Existence of other records
As HSE has indicated that it could not locate any further records relating to the applicant's request, section 10(1)(a) of the FOI Act is relevant. That section provides that a request for access to a record may be refused if the record concerned does not exist or cannot be found after all reasonable steps to ascertain its whereabouts have been taken.
The Commissioner's role in cases such as this is to review the decision of the public body and to decide whether that decision was justified. This means that I must have regard to the evidence available to the decision maker and the reasoning used by the decision maker in arriving at his/her decision. The evidence in "search" cases consists of the steps actually taken to search for records, along with miscellaneous other evidence about the record management practices of the public body, on the basis of which the public body concluded that the steps taken to search for records were reasonable. The Office's understanding of its role in such cases was approved by Quirke J in the High Court case of Matthew Ryan and Kathleen Ryan v the Information Commissioner  No. 18 MCA.
The records sought in this case all relate to payments to the IMO from the HSE. The HSE has stated that no further records exist relating to the applicant's request. In respect of the payment made in 2005, the HSE stated that invoices are normally retained for seven years, in line with the records management practices in place. It stated that the only record of this payment found, after extensive searches took place, was the bank statement for November 2005. Essentially, the HSE's position is that all records which can be located relating to the applicant's request have been identified and released to her.
Having considered the submissions of both parties and the measures taken to locate further records, I am satisfied that the HSE has taken reasonable steps to locate all relevant records and that it was justified in deciding that no further relevant records exist or can be found. I find, therefore, that section 10(1)(a) of the FOI Act applies.

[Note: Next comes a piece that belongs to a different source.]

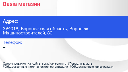 Basia, магазин по адресу 394019, Воронежская область, Воронеж, Машиностроителей, 80 в дальнейшем Организация, размещена в следующих категориях: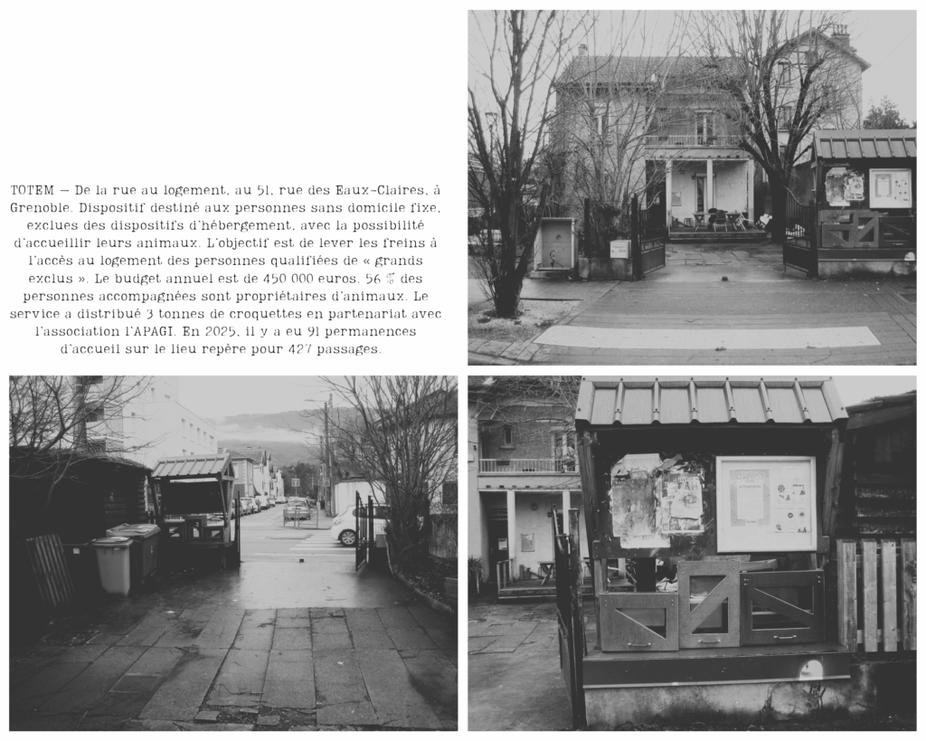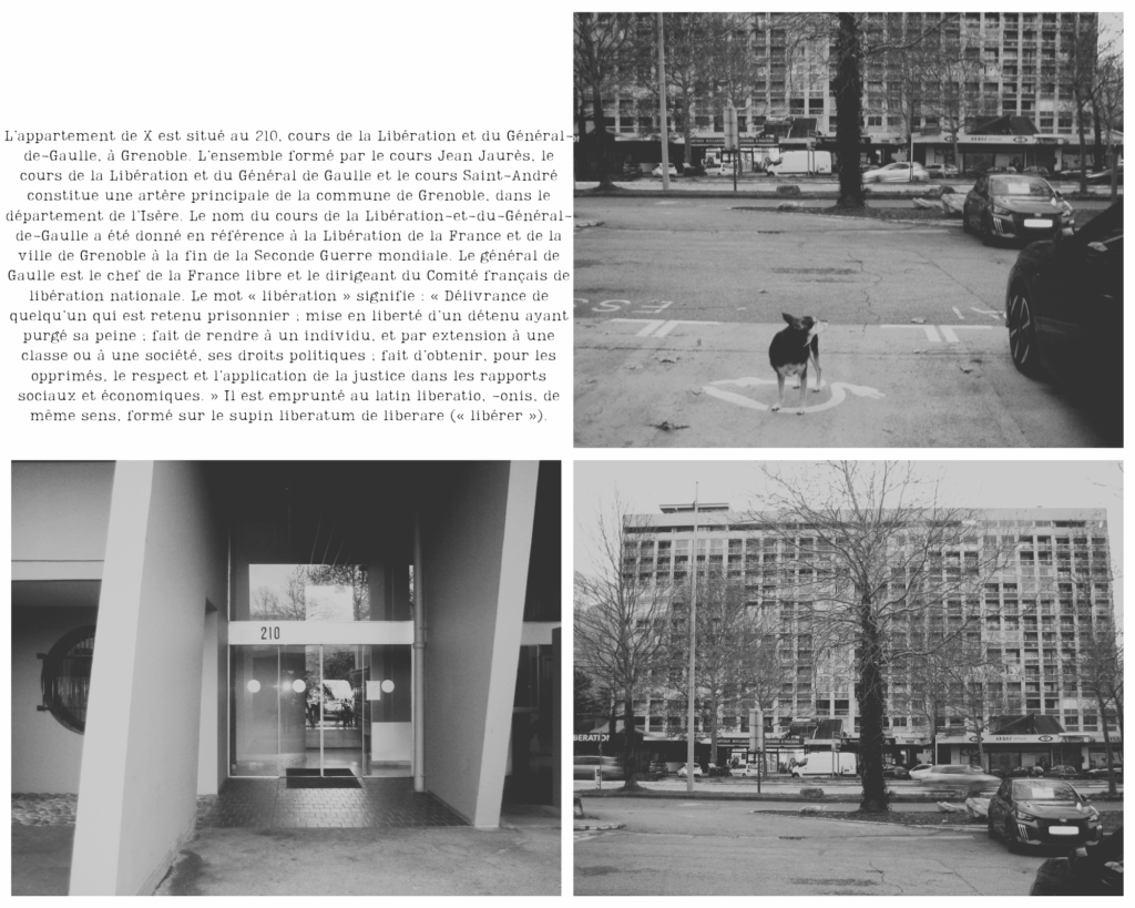 L’événement se déroule le lundi seize décembre deux mille vingt-quatre. L’entrée dans un logement social, après une longue période de rue, est une célébration intimiste, en présence d’un agent technico-commercial de la Société Dauphinoise pour l’Habitat et d’une travailleuse sociale du service Totem. Si l’accès à un logement stable marque une première étape et que mon parcours d’insertion sociale se conforme, autant que possible, à une exigence de normativité, mon intégration au système socio-économique se heurte aux séquelles d’une existence en marge. En l’absence d’un prototype unique de socialisation ou d’appropriation des normes, le tissu associatif grenoblois regorge de modèles alternatifs et t’entraîne dans son sillage émancipateur.

Having carried out a review under section 34(2) of the FOI Act, I hereby affirm the decision of the HSE to refuse to release the relevant information contained in Record 7 under section 26(1)(b) of the FOI Act. I also affirm the HSE's decision to refuse to release further records on the grounds that no further relevant records exist or can be found after all reasonable steps to ascertain their whereabouts have been taken.
A party to a review, or any other person affected by a decision of the Information Commissioner following a review, may appeal to the High Court on a point of law arising from the decision. Such an appeal must be initiated not later than eight weeks from the date on which notice of the decision was given to the person bringing the appeal.